Change in behavior of poll() function timeout between RH 5.5 and RH 6.0

Latest response

Hi,

 

We have a C program where we use the poll(fds, 1, timeout_msec) function to block for 10 ms, then send an event to another thread and then block again for 10 ms. We have been using this code for a while and it worked fine on all bare metal systems.

 

With Redhat 6.0, we are seeing a problem on a particular system. Sometimes, the timeout will be much greater than 10 ms for a period of time. We have seen a timeout as large as 500 ms.  During an 18 hour test, this large timeout might occur 2 or 3 times and last for 5 minutes each time. We have a Dell PowerEdge R410 system where the problem occurs. If we install Redhat 5.5 on this system, we do not see the problem, but if we install Redhat 6.0 on this system, the problem appears. We have another system, a Dell PowerEdge R310, where we do not see the problem with Redhat 6.0 installed.

 

Is there some way to figure out why we are seeing such large timeouts? Is this a known problem? Is there a workaround or patch to fix this? Thank you.

Responses

There's an open ticket for RHEL6 for the R410s (warning, this is long and may be a red herring, but looked close enough to mention):
https://bugzilla.redhat.com/show_bug.cgi?id=710265

If the latency is localized to just your poll() system calls, this is probably not related. If you are noticing slow performance on overall benchmarks or regular system use, this may be related.

Since this sounds related to your business/product, I'd open a ticket with Red Hat Support and start the ball rolling there.

It probably wouldn't hurt to upgrade your System, PERC and DRAC BIOSes to latest if you haven't already. Please take the normal considerations if these are production systems.

System BIOS:
http://support.dell.com/support/downloads/format.aspx?c=us&cs=555&l=en&s=biz&deviceid=11809&libid=1&releaseid=R311421&vercnt=10&formatcnt=0&SystemID=PWE_R410&servicetag=&os=WNET&osl=en&catid=-1&dateid=-1&typeid=-1&formatid=-1&impid=-1&checkFormat=true

Thank you. It is possible that this might be related to our problem. I will read through the thread and try some of the suggestions for a workaround for now.

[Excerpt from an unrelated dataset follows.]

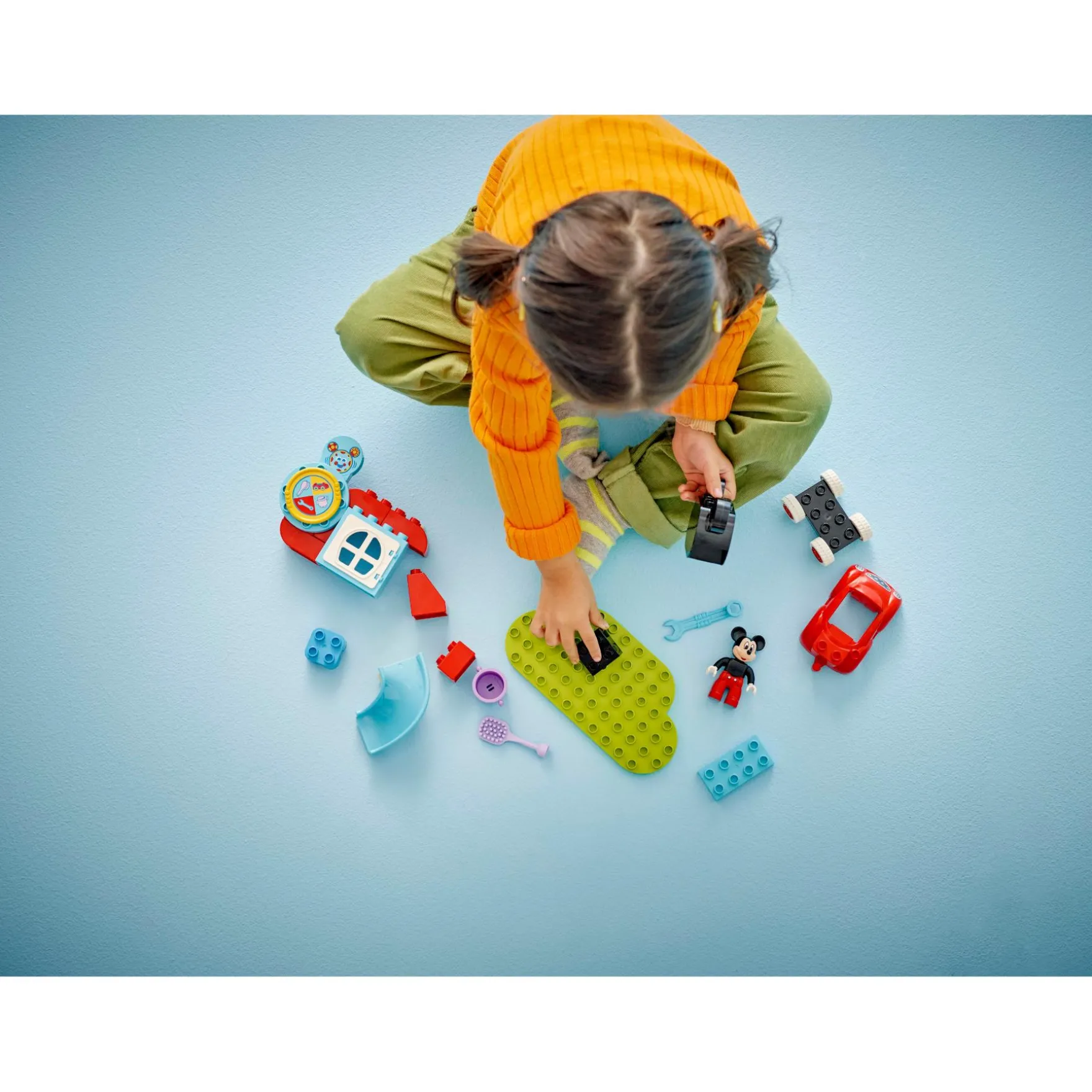 - 2 bekende personages – inclusief een LEGO® DUPLO® figuur van Mickey Mouse, een Toedels computerelement en de rode bouwbare auto van Mickey Mouse uit de Disney Junior tv-serie Mickey Mouse Clubhuis

I will also see if our BIOS needs to be updated.

 

I have seen similar misbehaviors, not attributed to a change in poll, but instead is usually related to the low-power modes relating to the motherboard/cpu combinations.

 

Can you try entering the bios and setting:

 

Power Management settings to: "Active Power Control" instead of "Performance".

 

I think that this bug https://bugzilla.redhat.com/show_bug.cgi?id=710265 , is related to your problem.  If you wish to have the test kernel please lodge a ticket to Red Hat Support Services and ask for the test kernel.

 

My previous subject heading was incorrect, i was thinking S3 states, not SMI interrupts.